• [Work to complete]: For this exercise, copy the data exactly and omit any images.

• [Supplied data]:
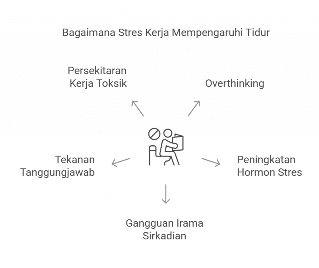 Hubungan antara stres kerja dan susah tidur adalah seperti kitaran yang tidak berkesudahan. Stres kerja yang berlebihan boleh mencetuskan pelbagai tindak balas fisiologi dan psikologi yang mengganggu pola tidur yang sihat. Berikut adalah beberapa cara bagaimana stres di tempat kerja boleh menyebabkan anda terjaga hingga lewat malam:
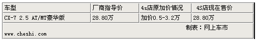 作為一款具有跑車化外觀和馬自達操控DNA的中型SUV,馬自達CX-7自去年11月上市以來一直備受關注。根據(jù)網(wǎng)上車市價格監(jiān)測系統(tǒng)顯示,自CX-7上市以來,各4S店一直持續(xù)提現(xiàn)車加價0.5萬-3.2萬元,而近期北京馬自達4S店出現(xiàn)了平價銷售現(xiàn)象,售價為廠商指導價28.8萬,少量現(xiàn)車供應。具體車型價格如下:
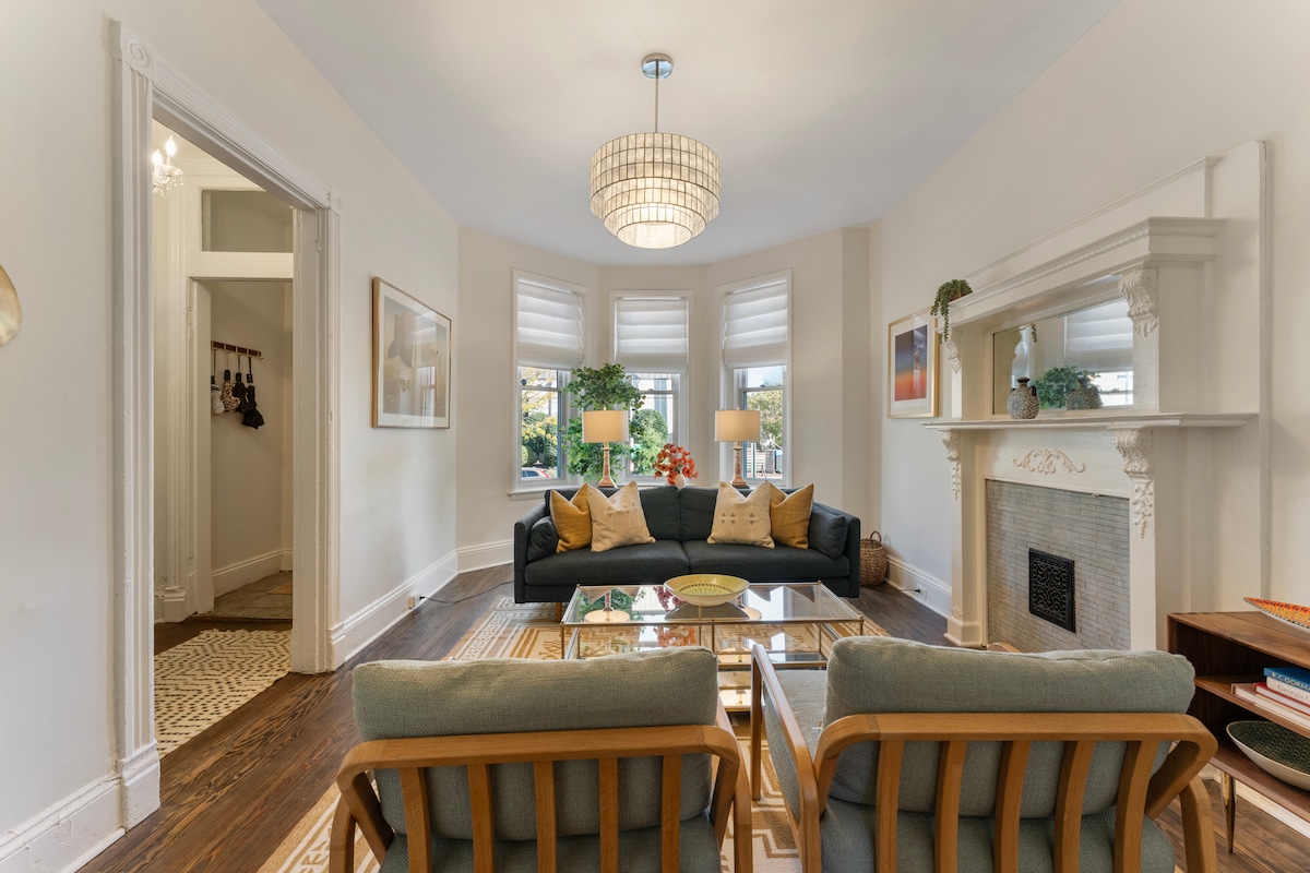 ¡Acabo de volver a anunciarlo! Apartamento privado moderno, limpio, espacioso y cómodo en una casa adosada victoriana bellamente restaurada. Ubicado en el centro del moderno y práctico barrio de Shaw. Luminoso y alegre. Cocina bien equipada, sala de estar con TV y Roku, área de oficina separada, dormitorio, lavadora/secadora, wifi de alta velocidad y mucho más. A pocos pasos del metro (1 manzana), centro de convenciones (3 manzanas), tienda de comestibles (1,5 manzanas) y restaurantes, entretenimiento, bares y el centro de la ciudad. Ubicado en una manzana tranquila y arbolada en el centro de la ciudad.

• [Written response]:
 Hubungan antara stres kerja dan susah tidur adalah seperti kitaran yang tidak berkesudahan. Stres kerja yang berlebihan boleh mencetuskan pelbagai tindak balas fisiologi dan psikologi yang mengganggu pola tidur yang sihat. Berikut adalah beberapa cara bagaimana stres di tempat kerja boleh menyebabkan anda terjaga hingga lewat malam:
 作為一款具有跑車化外觀和馬自達操控DNA的中型SUV,馬自達CX-7自去年11月上市以來一直備受關注。根據(jù)網(wǎng)上車市價格監(jiān)測系統(tǒng)顯示,自CX-7上市以來,各4S店一直持續(xù)提現(xiàn)車加價0.5萬-3.2萬元,而近期北京馬自達4S店出現(xiàn)了平價銷售現(xiàn)象,售價為廠商指導價28.8萬,少量現(xiàn)車供應。具體車型價格如下:
 ¡Acabo de volver a anunciarlo! Apartamento privado moderno, limpio, espacioso y cómodo en una casa adosada victoriana bellamente restaurada. Ubicado en el centro del moderno y práctico barrio de Shaw. Luminoso y alegre. Cocina bien equipada, sala de estar con TV y Roku, área de oficina separada, dormitorio, lavadora/secadora, wifi de alta velocidad y mucho más. A pocos pasos del metro (1 manzana), centro de convenciones (3 manzanas), tienda de comestibles (1,5 manzanas) y restaurantes, entretenimiento, bares y el centro de la ciudad. Ubicado en una manzana tranquila y arbolada en el centro de la ciudad.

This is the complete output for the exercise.